Simbolo dell’importanza della penetrazione della chiesa, è forse Troia, città guelfa per eccellenza. Nel 1093 viene avviata la costruzione del Duomo, ritenuto da molti studiosi come il più bell’esempio di monumento romanico pugliese, che sarà condotto a termine nel XIII secolo, proprio quando gli abitanti di Troia ingaggeranno con Federico II un braccio di ferro, che si concluderà con la distruzione delle mura, e la perdita del primato che Troia aveva avuto fino ad allora sul resto della provincia.
Intanto, attorno all’anno Mille, inizia un movimento di ritorno verso le città abbandonate.
All’inizio del secondo millennio, Lucera e Troia vengono rifondate, mentre l’inarrestabile declino di Arpi porta alla nascita, non molto lontano dal sito della vecchia città romana, di Foggia.
E mentre le città si ripopolano, nel conflitto tra Bizantini e Longobardi comincia a profilarsi una svolta. Nel 1009 Bari si ribella ai bizantini, ma la rivolta viene presto sedata e il suo capo, Melo, è costretto a fuggire e a trovare riparo nel Gargano. Qui, il condottiero barese si incontra con un gruppo di Normanni, venuti in pellegrinaggio a Monte S.Angelo per onorare l’Arcangelo Michele.
Nasce così, all’ombra dell’Arcangelo, un’intesa strategica che avrebbe favorito la calata normanna in Puglia e nella Capitanata. Appoggiato da Papa Benedetto VIII, Melo si ribella nuovamente ai Bizantini che sconfigge a Civita, presso l’attuale S.Paolo Civitate.

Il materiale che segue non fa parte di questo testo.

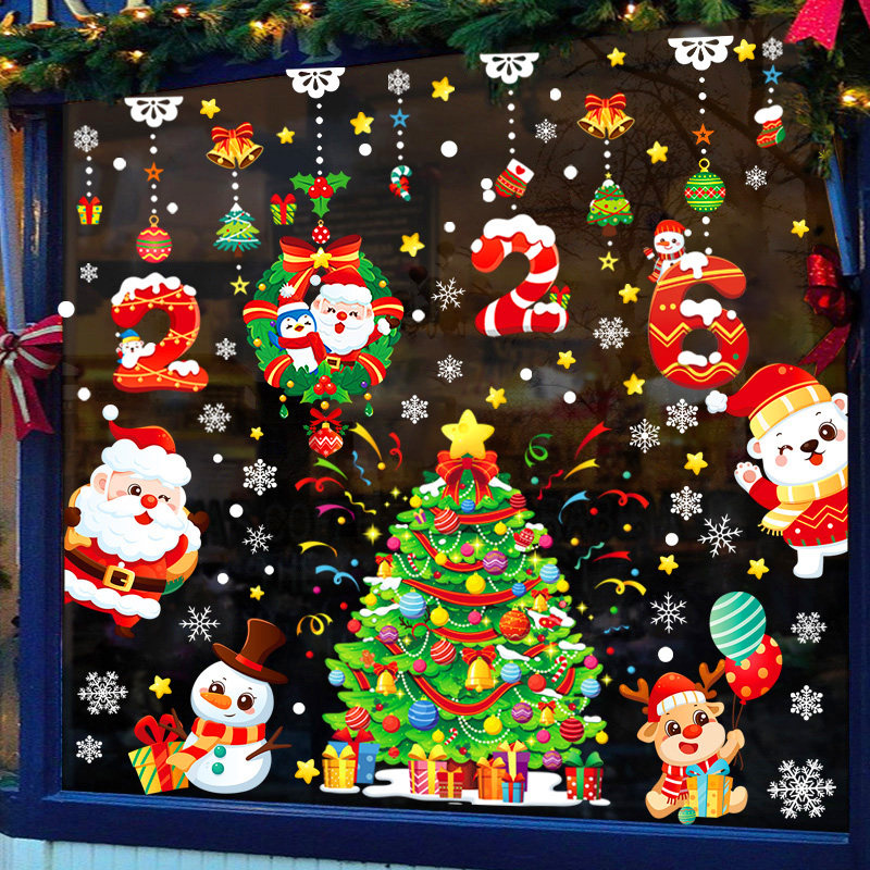圣诞节装饰品2026静电橱窗贴画玻璃门贴纸场景布置圣诞老人树氛围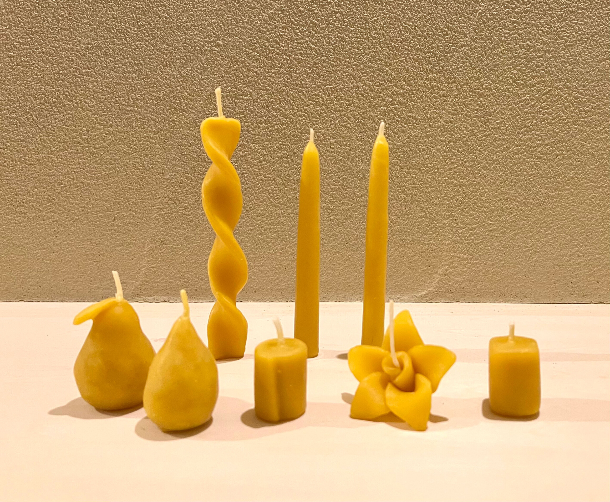 「339」POPUP企画「えかきとあかり —ほっこりてらそう、私たちの愛しい世界—」の関連ワークショップ。広島産の蜜蝋を使ったキャンドルを作るワークショップ。蜜蝋でできたキャンドルシートを丸めて作るキャンドルや、手でこねて自由に形を作るキャンドルなど、さまざまな方法でオリジナルキャンドルを制作します!(ひとり5 〜7 個程度)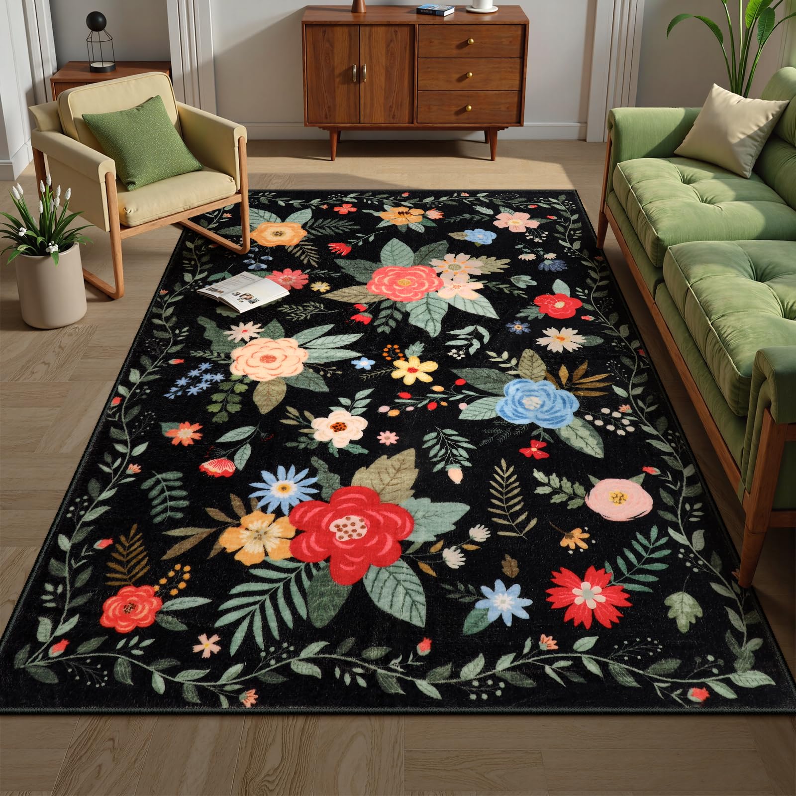 Bring affordable luxury to every room with Lahome’s polyester rug. Featuring watercolor florals on black, pink, purple, or green backgrounds, its artistic design brightens living rooms, bedrooms, nurseries, and kitchens. As part of our mission to create comfortable, accessible home essentials, this rug combines style with practical innovation.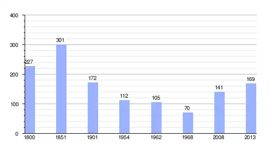 Los datos demográficos contemplados en este gráfico de la comuna de Feuguerolles-sur-Seulles,[4] se han cogido de 1800 a 1968 de la página francesa EHESS/Cassini, y los demás datos de la página del INSEE.[5]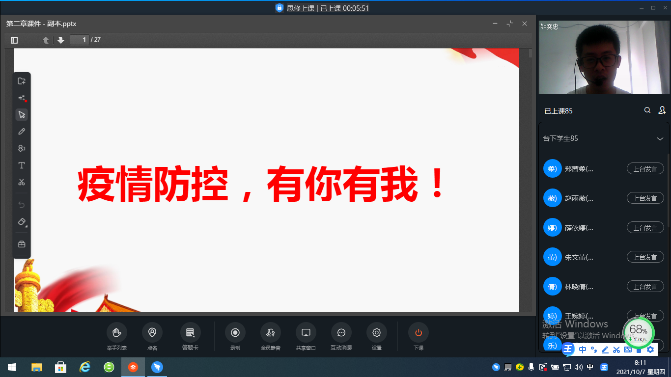 本学期,钟奕忠老师任教两门课程,一门是《思想道德与法治》,面向高职学生;一门是《思想政治1》,面向五年专学生。因此,他注重因材施教,针对学生的学习心理进行针对性开发教导。线上授课中,为了更好捕捉学生的注意度,在课程内容即PPT设置方面,钟老师突出“四史教育”对学生思想道德的引领作用,重点以新中国史以及中国共产党史为主进行重点介绍,尤其是自十八大十九大以来,习近平同志当选为国家主席所采取的一系列大政方针改革进行重点论述,突出建国以来为国家积极奉献的优秀科学家、教育家、共产党党员同志群体,引起学生共鸣。并穿插、结合当今最新时事政治内容进行引导式提问,吸引学生进行关注并解答学生疑问。最后,在课程即将结束时,回顾整体课程内容并布置作业,作业内容多以心得体会为主,以课文为主结合调查进行开放式回答,收获学生一致好评。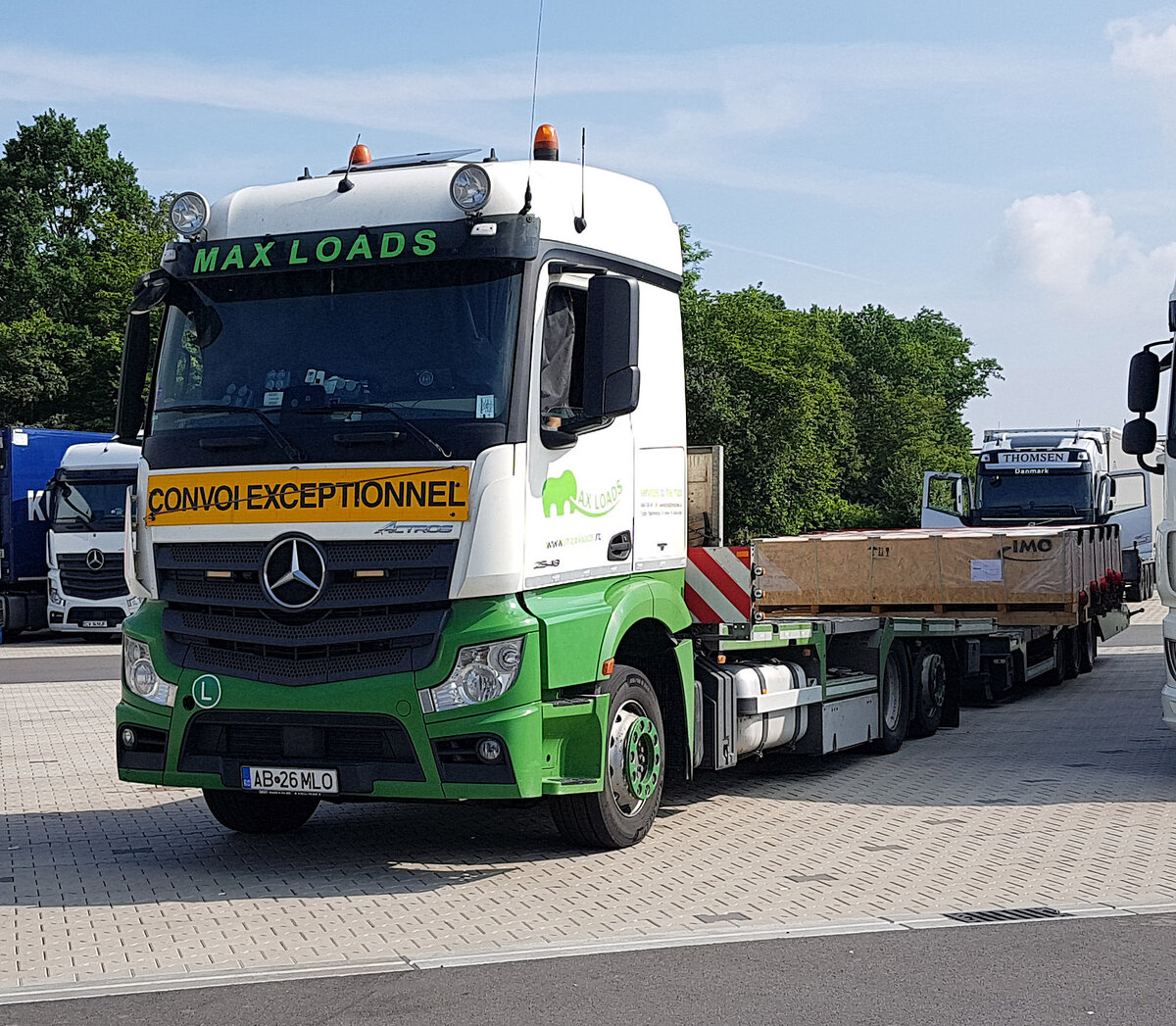 =MB Actros-Schwerlastsattelzug der rumänischen Spedition MAX LOADS rastet im Juni 2021 an der A 7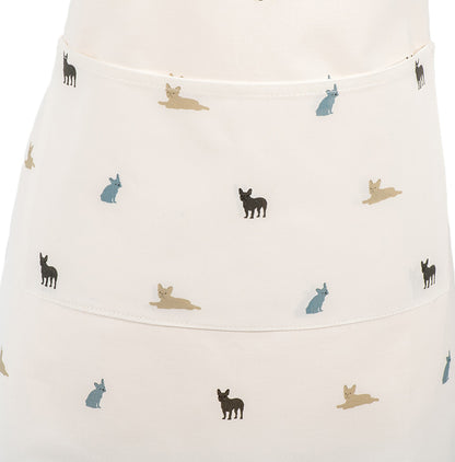 The Fabulous Frenchies Apron is crafted from cotton and features our adorable French Bulldog inspired print. It has a large practical pocket on the front waistline, an adjustable neck strap and extra long ties which can be tied at either the front or the back.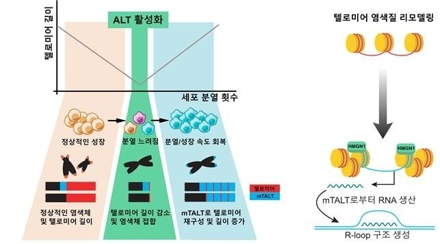 텔로미어는 염색체 끝에 위치한 보호막으로, 세포가 분열할 때마다 조금씩 짧아집니다. 이 보호막이 완전히 닳아버리면 세포는 분열을 멈추고, 노화 또는 세포사멸이 일어납니다.
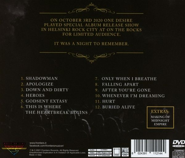 One Desire veröffentlichten 2017 ihr selbstbetiteltes Debütalbum mit großem Erfolg. Mit der Hit-Single 'Hurt' (fast 3 Millionen Aufrufe auf Youtube, fast 5 Millionen Streams auf Spotify) fand die Band ihren Weg an die Spitze der Melodie Rockszene. Auf einige erfolgreiche Europatourneen mit Eclipse und HEAT folgten bis Ende 2017 weitere Termine und Festivals, bevor die Band zurück ins Studio ging, um mit der Arbeit an ihrer zweiten Veröffentlichung zu beginnen. Das etwas mehr als zwei Jahre dauernde Album Midnight Empire hat das lange Warten, das die Fans auf neue Musik von der Band haben mussten, großzügig zurückgezahlt. Es ist ein reiferes, manchmal abenteuerliches Album, aber immer noch mit einer unglaublichen Hookiness, die die Fans vom Debüt kennen und lieben. Es war leicht eines der besten Melodic-Rock-Alben des Jahres für 2020. Nach VÖ im Mai 2020 musste sich die Band leider schnell eingestehen, dass es zu diesem Album keine anschliessende Europa oder Welt-Tournee geben wird. Als sie und der Rest der Welt sich in Bezug auf Live-Auftritte an eine neue Realität gewöhnt hatten, kam die Idee nach einem besonderen, einzigartigen Live-Produkt auf und eine Live-Aufnahme wurde am 3. Oktober 2020 in Helsinki, Finnland im On The Rocks Club realisiert. Mit nur einem minimalen Publikum, wie es heutzutage für Live-Events erforderlich ist, hat die Band eine Auswahl ihrer beliebtesten und bekanntesten Songs herausgebracht. "One Night Only - Live In Helsinki" enthält zusätzlich noch eine Reihe interessanter Bonusinhalte.

Ma i Bizantini reagiscono e presto riescono a riprendere il sopravvento. Perché la rivolta di Melo abbia definitivamente successo è necessario che i Normanni scendano direttamente in guerra contro i Bizantini. Melo muore dopo aver ottenuto dall’imperatore tedesco Enrico II la promessa di un'alleanza contro i Bizantini. Ed effettivamente Enrico II scende in Puglia, ma, fermato dal lungo ed improduttivo assedio, è costretto a rinviare i progetti di invasione.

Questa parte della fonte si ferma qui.